▶ _ABOUT THIS EXERCISE_
Print every entry word for word, but omit the pictures.

Dataset items
%%

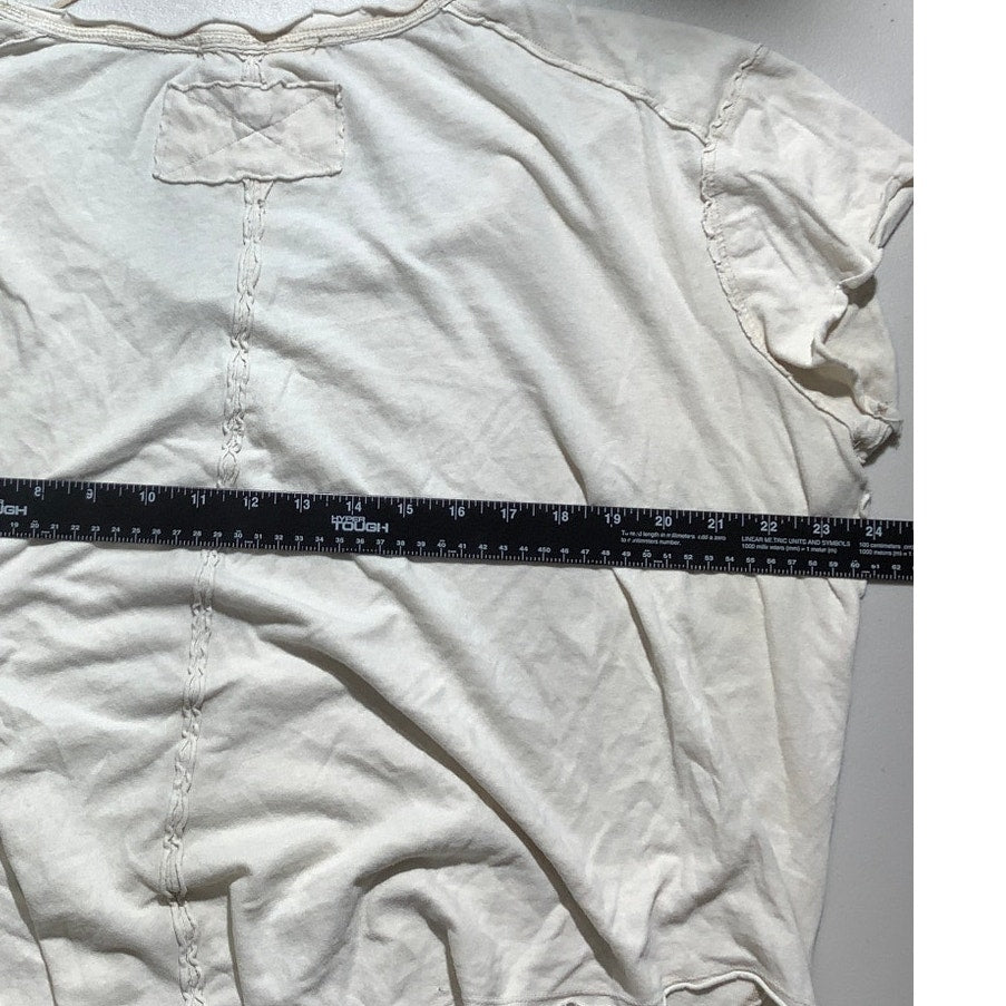 This We The Free women’s short sleeve top in size large features a relaxed, flowy fit and an off-white color that pairs effortlessly with any wardrobe. Designed with a raw edge neckline, exposed seam details, and a slightly distressed hem, this piece offers an easygoing, boho-inspired vibe. Please note: there is a small hole at the bottom hem (see pictures).
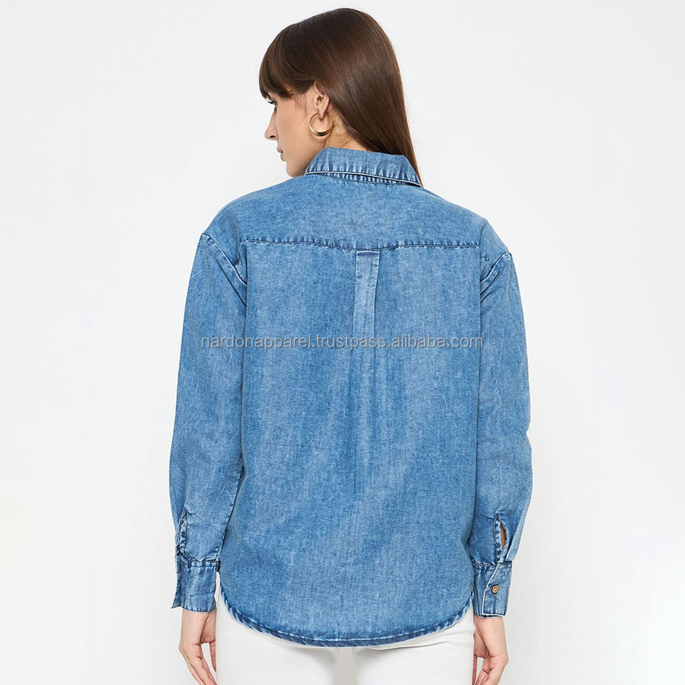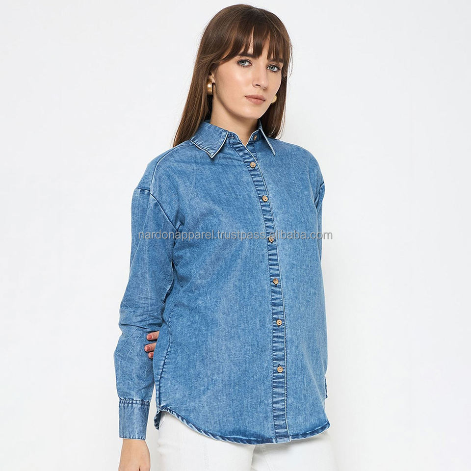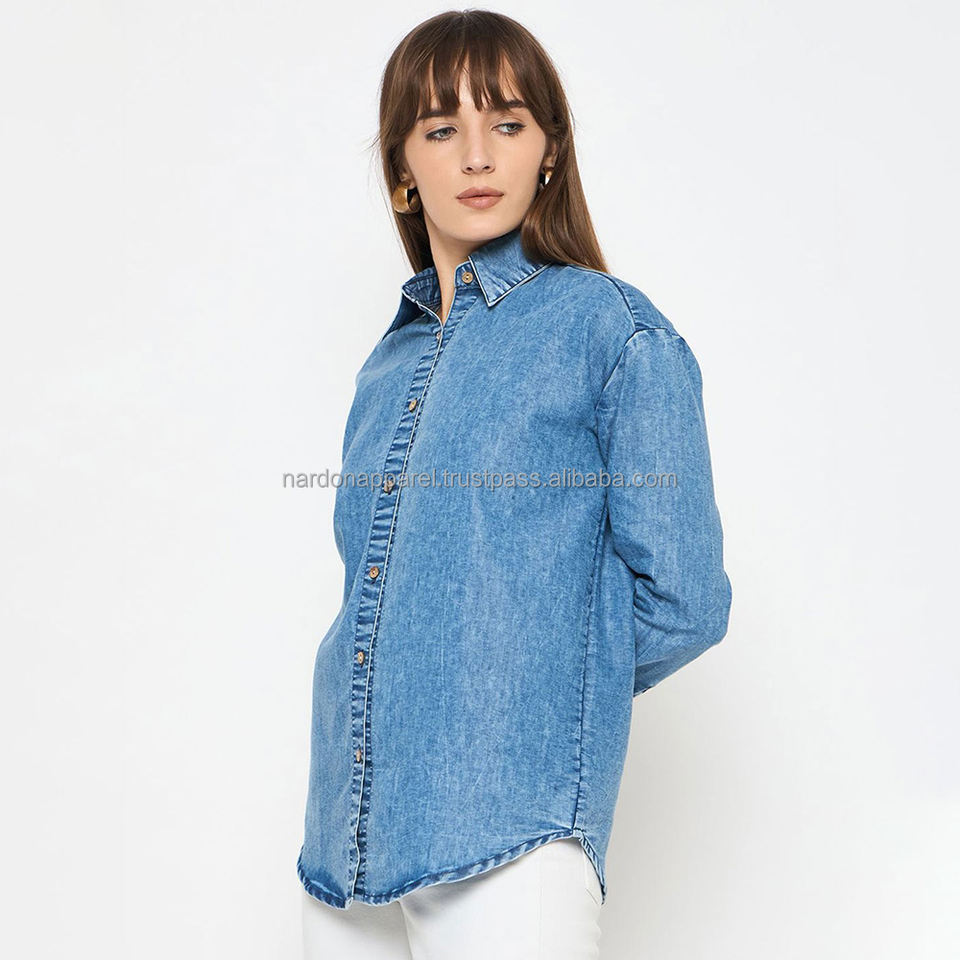 Nardon Apparel 2025, nuevo diseño, Camisa vaquera transpirable de manga larga, Camisa vaquera holgada para mujer
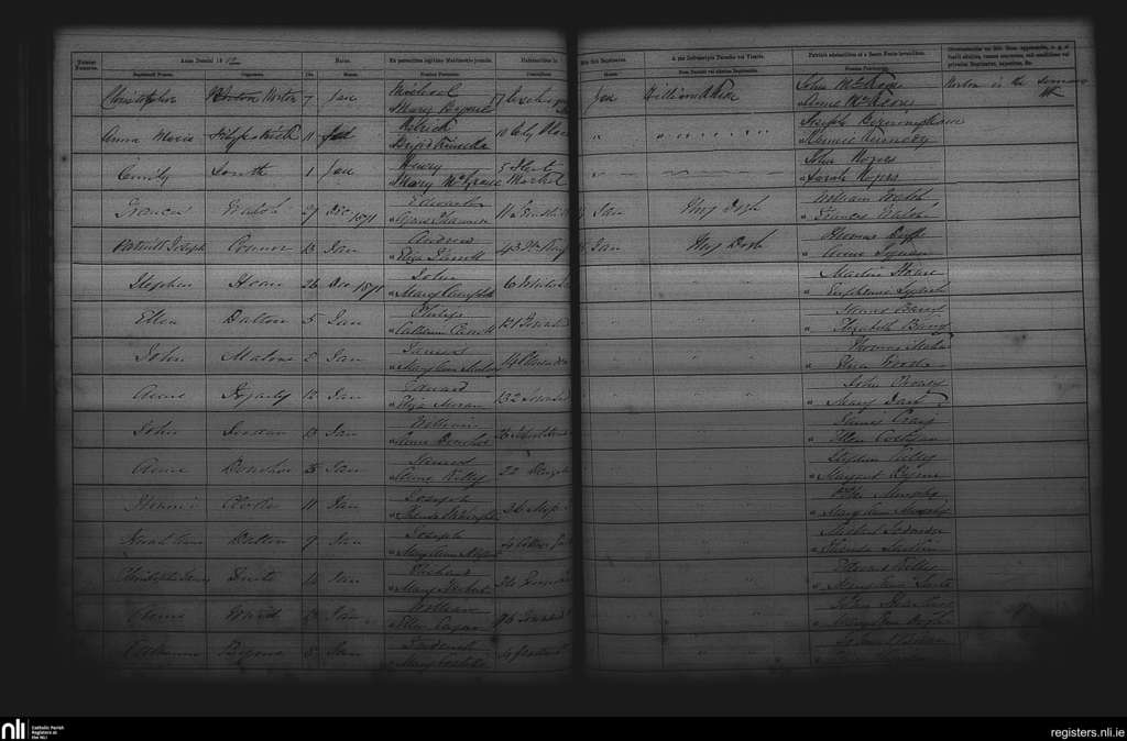 St. Andrew's, Dublin city; County of Dublin; Archdiocese of Dublin. Baptisms, Jan. 1872
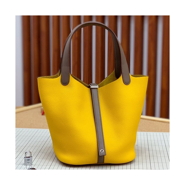✨Hermes 2019 Picotin Lock Leather Tote Bag,18cm - 에르메스 2019 피코탄 락 레더 여성용 토트백 HERB0755, 18cm,옐로우 요약정보 및 구매
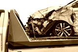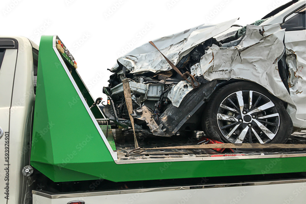 Front view of a damaged white car in a road accident on a rickshaw. PNG

%%

▶ _EXERCISE RESULT_
 This We The Free women’s short sleeve top in size large features a relaxed, flowy fit and an off-white color that pairs effortlessly with any wardrobe. Designed with a raw edge neckline, exposed seam details, and a slightly distressed hem, this piece offers an easygoing, boho-inspired vibe. Please note: there is a small hole at the bottom hem (see pictures).
 Nardon Apparel 2025, nuevo diseño, Camisa vaquera transpirable de manga larga, Camisa vaquera holgada para mujer
 St. Andrew's, Dublin city; County of Dublin; Archdiocese of Dublin. Baptisms, Jan. 1872
✨Hermes 2019 Picotin Lock Leather Tote Bag,18cm - 에르메스 2019 피코탄 락 레더 여성용 토트백 HERB0755, 18cm,옐로우 요약정보 및 구매
 Front view of a damaged white car in a road accident on a rickshaw. PNG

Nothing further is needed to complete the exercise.